SIMPLIFY 2021

1st International Workshop on Data Analytics and Machine Learning Made Simple

Co-located with EDBT 2021, Nicosia, CyprusOnline, March 23, 2021

Call for Papers


Scope

There exists a plethora of current applications, with widely different characteristics though, that are generating and need to process massive amounts of static or streaming data. For example, Data Lakes gather large amounts of diverse data from a multitude of data sources with the aim to enable data analysts to perform ad hoc, self-service analytics, and to train machine learning models, reducing the time from data to insights. These operations are also particularly challenging in the case of applications that are processing streaming Big Data. Achieving this goal requires addressing various challenges relating to data volume, velocity, dynamicity, heterogeneity, and potentially (geo-)distributed data processing.

Although there exists a plethora of techniques, algorithms and tools to manage, query and analyze various types of data, they typically require a high degree of data management skills and expertise, as well as significant time and effort for data preparation, parameter tuning and design and implementation of data analytics and machine learning pipelines.

The aim of the SIMPLIFY workshop is to bring together computer scientists with interests in this field to present recent innovations, find topics of common interest and to stimulate further development of new approaches that greatly simplify the work of a data analyst when performing data analytics, or when employing machine learning algorithms, over Big Data.



Topics

Topics of interest include (but are not limited to):
      Novel architectures for data analytics and ML over data lakes
      Novel architectures for data analytics and online ML over streaming data
      Query processing over heterogeneous data
      Query processing over geo-distributed data
      Query optimization of data processing workflows
      Algorithms for mining and analytics over heterogeneous data
      Algorithms for online machine learning and data mining
      Similarity search and entity resolution
      Interactive data exploration
      Visual analytics over heterogeneous data
      Deep learning platforms
      Application papers demonstrating the impact of techniques relevant to SIMPLIFY



Submission guidelines

We invite submissions of novel research, completed or in-progress work, vision, and system papers.

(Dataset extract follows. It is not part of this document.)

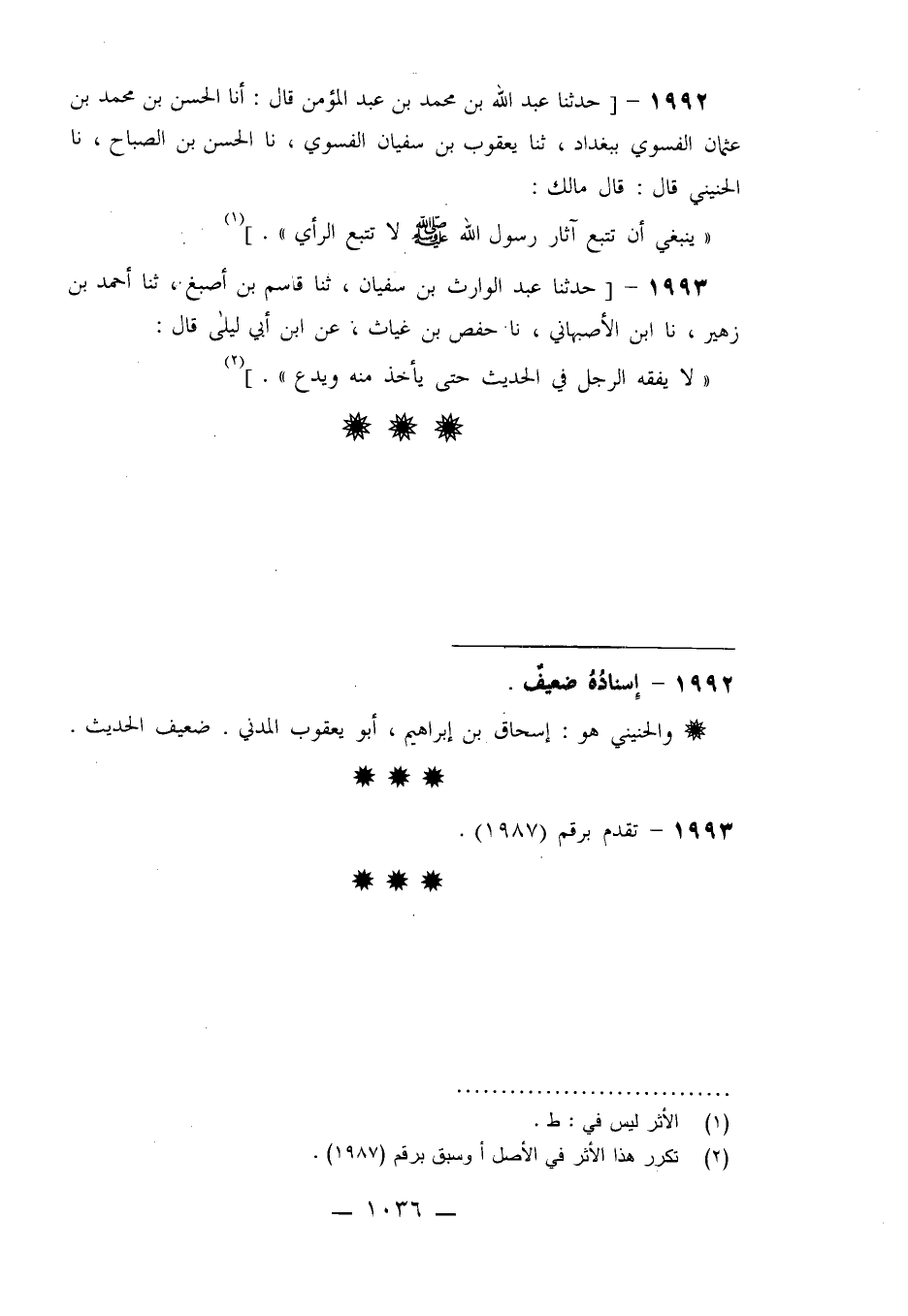 1992 - حَدَّثَنَا عَبْدُ اللَّهِ بْنُ مُحَمَّدِ بْنِ عَبْدِ الْمُؤْمِنِ، قَالَ: أنا الْحَسَنُ بْنُ مُحَمَّدِ بْنِ عُثْمَانَ الْفَسَوِيُّ بِبَغْدَادَ، ثنا يَعْقُوبُ بْنُ سُفْيَانَ الْفَسَوِيُّ نا الْحَسَنُ بْنُ الصَّبَّاحِ نا الْحُنَيْنِيُّ قَالَ: قَالَ مَالِكٌ: §«يَنْبَغِي أَنْ تَتَّبِعَ آثَارَ رَسُولِ اللَّهِ صَلَّى اللَّهُ عَلَيْهِ وَسَلَّمَ، لَا تَتَّبِعِ الرَّأْيَ»

The page limit for regular research papers is 6 pages. Additionally, we welcome submission of short papers, up to 4 pages, of the following types: (a) papers that describe ongoing work that has not yet reached the maturity required for a full research paper; (b) vision papers that describe a vision for the future of the field; (c) system/application papers and demos.

Papers must present original work and not have been submitted or accepted for publication in any other workshop, conference or journal.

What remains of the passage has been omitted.